Monday, January 3, 2011
A New Leaf (1971)
To say that Elaine May did not enjoy the same level of success directing movies as her onetime comedy partner, Mike Nichols, is to greatly understate the situation. Whereas he became an Oscar-winning superstar, May helmed just three pictures before focusing her energies on writing and occasional acting. The reasons why May’s directing career sputtered are well known—not only did her three features underperform commercially, but she repeatedly went over-budget and over-schedule thanks to indecisiveness and inefficiency. (Her third movie, 1987’s Ishtar, has become synonymous with behind-the-scenes chaos.) Given this context, it’s unsurprising to learn that May’s directorial debut was the subject of massive battles between the filmmaker and Paramount, which heavily recut the movie against her wishes. Yet while the resulting picture bears obvious scars from postproduction tinkering, it’s a bold and sometimes delightful concoction that undercuts the romantic-comedy genre by presenting a grim plot.
At least as far as Paramount’s version goes, A New Leaf is a simultaneously sweet and pitch-black comedy about a would-be ladykiller whose scheme gets derailed by love. The film is visually unimaginative but filled with clever dialogue, so it comes across like filmed theater—fitting May’s background as part of an iconic comedy duo, the best scenes are two-person sketches that soar with wry patter. In addition to writing and directing the picture, May costars, quite effectively, as Henrietta Lowell, a meek heiress who lands in the crosshairs of Henry Graham (Walter Matthau), an aging heir who has depleted his fortune. Receiving advice to marry a woman with money, the hopelessly self-involved Henry resolves to find and kill an heiress, since the thought of actually sharing his life with another person is abhorrent. For a time, he believes he’s found the perfect mark in Henrietta, a shy klutz who can’t see through his duplicity, so dark humor steams from the way he cajoles her into marriage, even as her exasperated lawyer, Andy McPherson (Jack Weston), tries to protect Henrietta for less-than-noble reasons. The inevitable twist is that Graham develops the capacity to care about another human being, making it difficult to follow through on his homicidal intentions.

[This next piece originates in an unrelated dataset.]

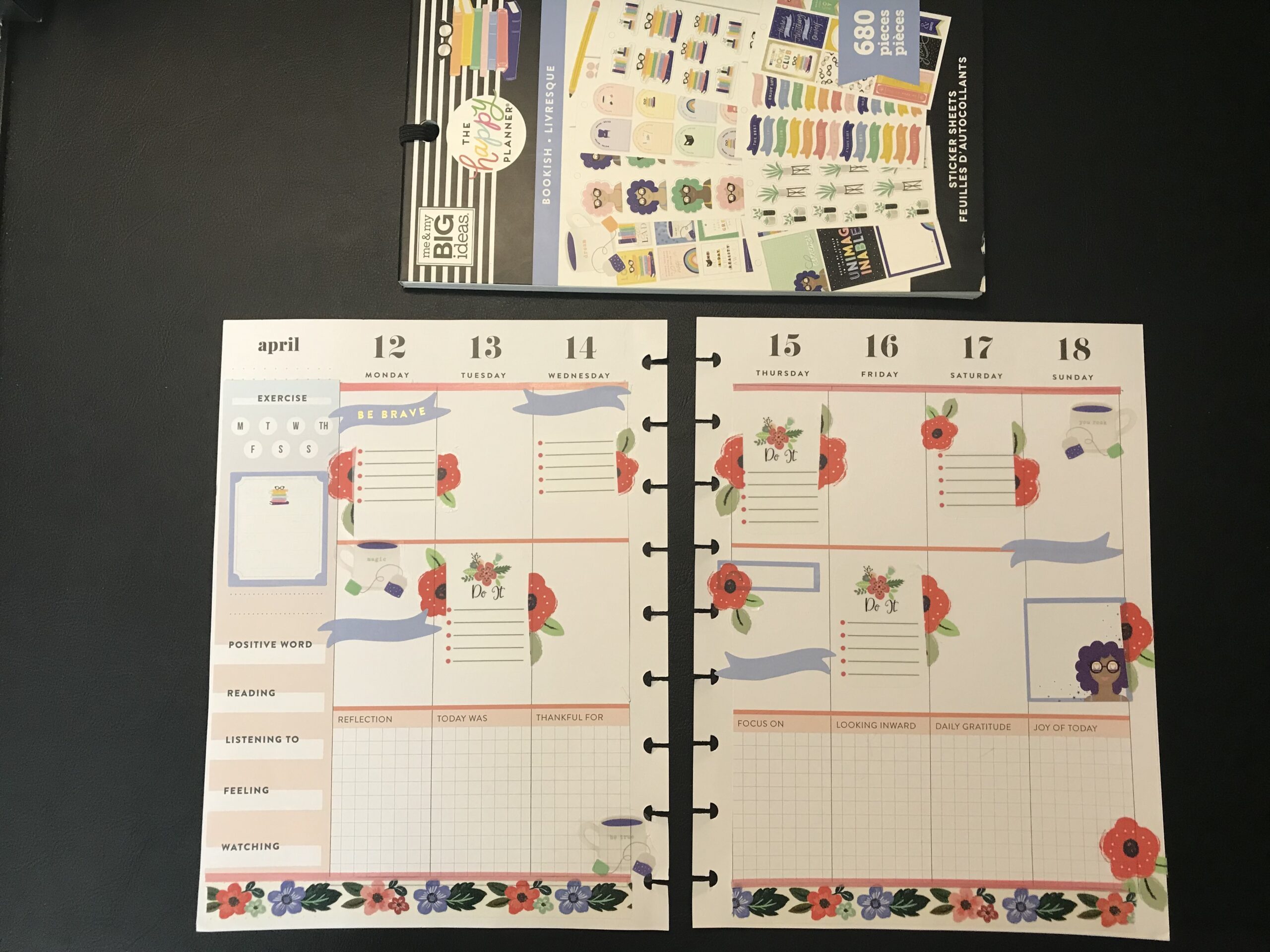 We settled on a goal that I will take ten minutes each day to do one of three things I enjoy that bring me joy: reading, coloring in adult coloring books, and doing decorative planning in my paper planner with stickers and washi tape.

Based on a Jack Ritchie story, A New Leaf presents a sturdy narrative that hums along nicely even though the humor is never riotous. The title refers to Henrietta’s interest in botany, one of several traits that make her likeable because she’s a complete innocent. May’s performance is charming and utterly devoid of vanity; it’s also a kick to watch her trade punchlines with stone-cold comedy pro Matthau, cast against type as an immaculately dressed sophisticate. Among the supporting players, Weston delivers one of his patented uptight characterizations, James Coco gives a fun turn as Graham’s repulsive uncle, Doris Roberts pops as a lascivious housekeeper, and George Rose adds heart in the role of Henry’s patient butler.